▸ REQUIREMENT
Set down each line of the data exactly, but not the pictures.

▸ AVAILABLE DATA
**********

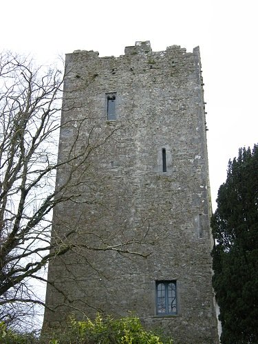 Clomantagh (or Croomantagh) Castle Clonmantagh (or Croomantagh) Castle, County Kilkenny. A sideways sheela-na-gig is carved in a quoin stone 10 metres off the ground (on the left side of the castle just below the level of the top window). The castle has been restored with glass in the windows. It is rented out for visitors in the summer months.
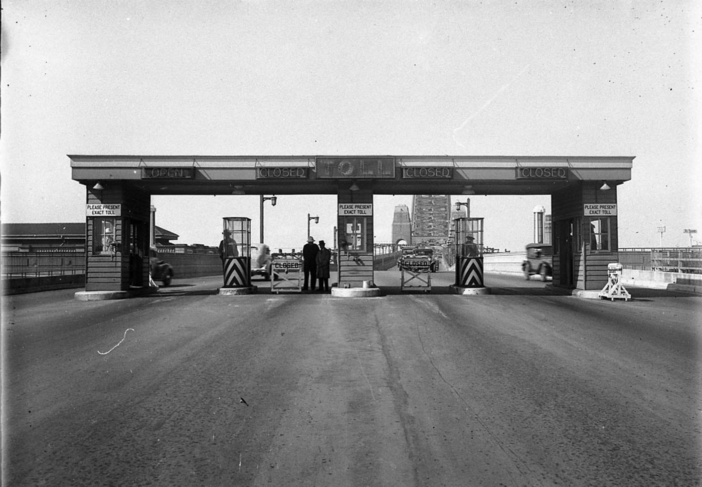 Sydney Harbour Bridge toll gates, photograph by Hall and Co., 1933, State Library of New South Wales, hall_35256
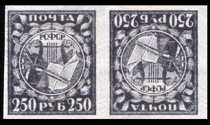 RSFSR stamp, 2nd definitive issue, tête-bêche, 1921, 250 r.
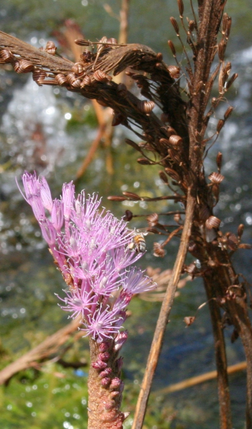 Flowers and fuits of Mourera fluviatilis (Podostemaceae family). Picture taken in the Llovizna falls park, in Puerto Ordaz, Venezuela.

**********

▸ RESPONSE FOR THIS EXERCISE
 Clomantagh (or Croomantagh) Castle Clonmantagh (or Croomantagh) Castle, County Kilkenny. A sideways sheela-na-gig is carved in a quoin stone 10 metres off the ground (on the left side of the castle just below the level of the top window). The castle has been restored with glass in the windows. It is rented out for visitors in the summer months.
 Sydney Harbour Bridge toll gates, photograph by Hall and Co., 1933, State Library of New South Wales, hall_35256
 RSFSR stamp, 2nd definitive issue, tête-bêche, 1921, 250 r.
 Flowers and fuits of Mourera fluviatilis (Podostemaceae family). Picture taken in the Llovizna falls park, in Puerto Ordaz, Venezuela.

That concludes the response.